Изменить размер шрифта - +
И Евгения схватили под руки и потащили вон из трактира двое здоровенных парней. И он затих, лишь глубоко и часто дыша, освободился и вышел на улицу сам. Весенний прохладный воздух привел его в чувство, стер капли пота со лба и висков. Он оглянулся на дверь трактира в какой-то жалкой растерянности. Ведь он шел совсем за другим. Он хотел найти единомышленников, а кого обнаружил? Невежд и предателей. Корыстолюбивых негодяев… Но если они все здесь, то где же тогда настоящие манекены? Неужели только старики, вроде Арсения или Рудэна понимают всю ответственность, возложенную на плечи манекенов? Неужели молодое поколение уже совершенно не то? В это мгновение Евгений ощутил, как обрушивается на него отчаяние: сильнейшее, опустошающее, невероятное. Это был очередной приступ. Грудь сдавило, а мир вокруг сжался до светящейся точки. Евгений прислонился к стене, неосознанно раздирая себе грудь руками, распахивая пальто, разрывая рубашку. Из сдавленного горла вырвался тяжелый хрип. Ноги его подкосились, и Евгений сполз по стене. Мысли в его голове ломались, словно сухое печенье, крошились и исчезали в темноте, которая медленно, с наслаждением садиста, окутывала сознание, пока не поглотила его совсем.

 

12

 

Он очнулся, не зная, где находится, и сколько времени прошло, и увидел перед собой лицо Арсения. Старик выглядел еще хуже, чем прежде. Желтая кожа собралась морщинами на лбу, в уголках бескровных губ, под глазами набухли не черные даже, а темно-сливовые мешки, ярко выделились острые скулы.
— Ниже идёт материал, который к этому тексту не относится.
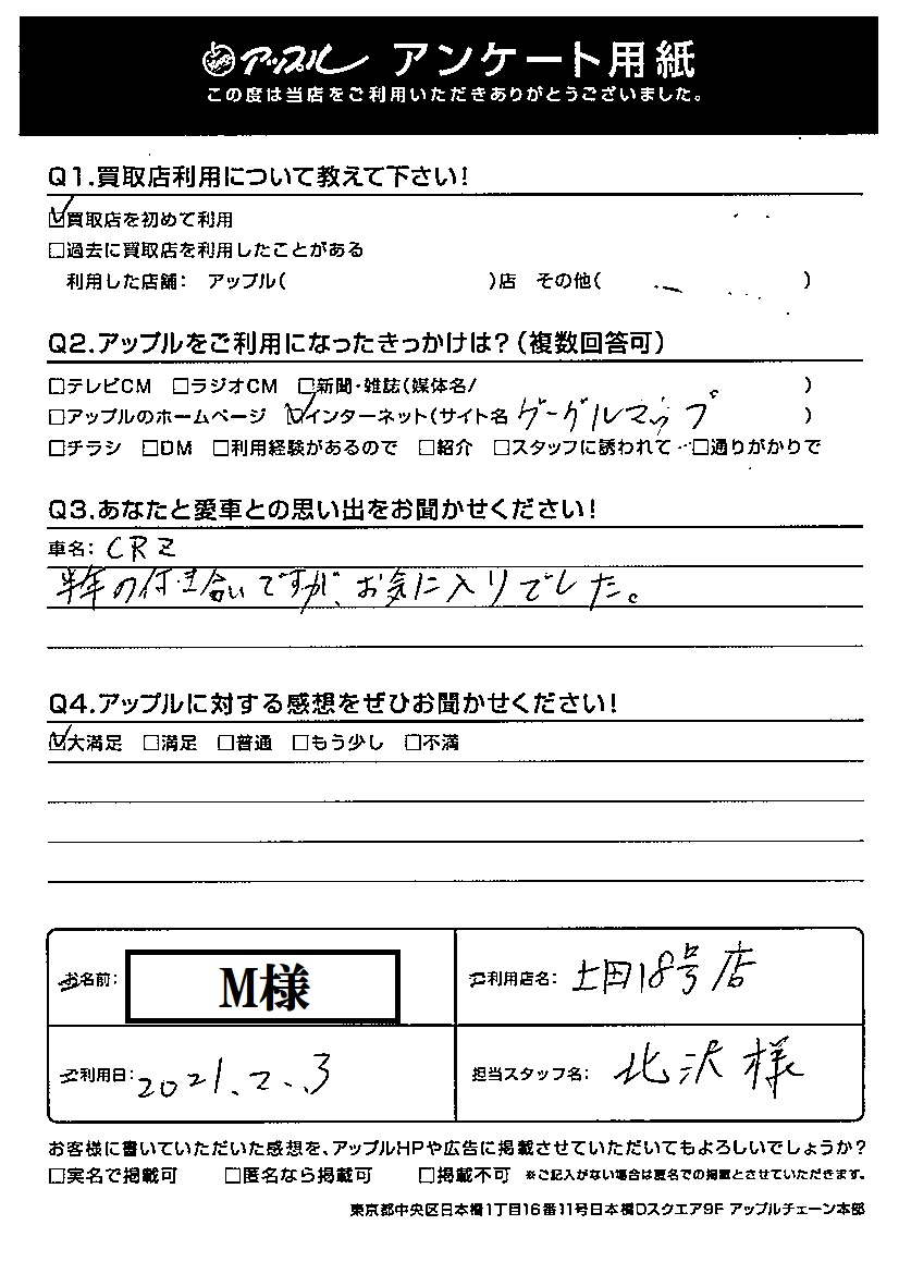 お車のご相談・ 査定だけでもOK! カンタン 入力 30秒 アップルがブランド買取始めました! お電話でも受付中! 受付時間10:00 ~ 19:00 0268-26-2355 お車のご相談・ 査定だけでもOK! カンタン 入力 30秒 アップルがブランド買取始めました! お電話でも受付中! 受付時間10:00 ~ 19:00 0268-26-2355 アップルがブランド買取始めました! お電話でも受付中! 受付時間10:00 ~ 19:00 0268-26-2355 店舗情報 在庫車 スタッフ紹介 ブログ お客様の声 キャンペーン お得 無料査定 click お客様の声 ご記入日: 2021/02/03 M様 車名:ホンダ CR-Z Q あなたと愛車との思い出をお聞かせください!半年の付き合いですが、お気に入りでした。Q アップルに対する感想をぜひお聞かせください!感想:大満足 前へ 次へ お客様の声一覧を見る
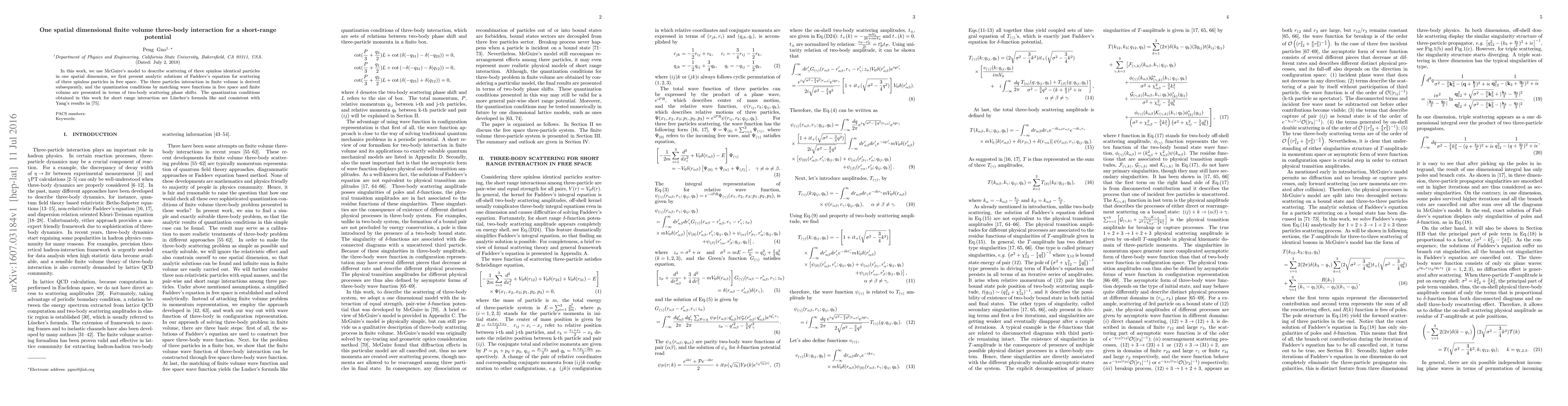 This paper utilizes McGuire's model to analytically solve Faddeev's equation for scattering of three spinless identical particles in one dimension. It derives the three-body interaction in finite volume and presents quantization conditions matching wave functions, yielding results consistent with L\"uscher's formula and Yang's findings for short-range potentials.

Арсений склонился, почти навис над Евгением, и тот чувствовал запахи лекарств и едких мазей, запахи табака и алкоголя.

— Ну, как же, как же, — волнительно бормотал Арсений, и тонкая холодная ладонь его по отчески гладила щеку Евгения, — нельзя же сейчас, времени в обрез, ну…

Он словно не замечал открытых глаз Евгения и смотрел сквозь него, думая о чем-то своем. Потом вдруг оглушительно чихнул, успев отвернуться, убрал руку и стал шумно сморкаться в платок. Евгений пошевелился, ощущая тяжелую головную боль, обручем сдавившую виски и отдающуюся где-то там, за глазами.

— Друг мой! Как я рад! — Арсений убрал платок и повернулся, широко улыбаясь, обнажая ряд неровных зубов, — запустил ты себя, ох как запустил! Я, как только узнал, сразу примчался. Все дела бросил и мигом к тебе! Думал, не застану уже, думал, не успею, жемчужину мою… как же ты так, а? Как же не бережешь-то?.. И так не вовремя, так не вовремя!

— Почему не вовремя?

— Не спишь совсем? — спросил Арсений, — я же предупреждал, мой друг! А если бы ты умер? Что прикажешь тогда делать? Как же я могу вынести это?

— Но ведь не умер же, — голос выходил слабый, с хрипотцой, тяжело было разговаривать.

— И хорошо, что не умер! Такого человека потерять! — Арсений склонился, осторожно заключил в объятия и шепнул на ухо, — да я бы землю перерыл, чтоб тебя спасти! Город бы перевернул в поисках лучшего лекаря!

— А где я сейчас?

За спиной Арсения виднелось большое занавешенное окно, а еще был виден круглый стол с белой скатертью и одинокой пустой вазой. На больничную палату совершенно не походило.

— У одного моего друга, — подмигнул Арсений, отстраняясь, — очень хороший врач. Практикует на дому. Из наших, из манекенов.

— Пожилой? Арсений кивнул.

— А где же молодежь? Где они?..

— С молодежью проблемы, — согласился Арсений, — молодежь еще воспитывать и воспитывать. Не те порядки, не то время. Жемчужин, как ты, еще поискать. Никто не мыслит в искусстве.

— Я по этому и…

— Знаю, мой друг. Рассказали. Если бы не добрые люди из трактира, ты бы там и закончил свою жизнь, у дверей.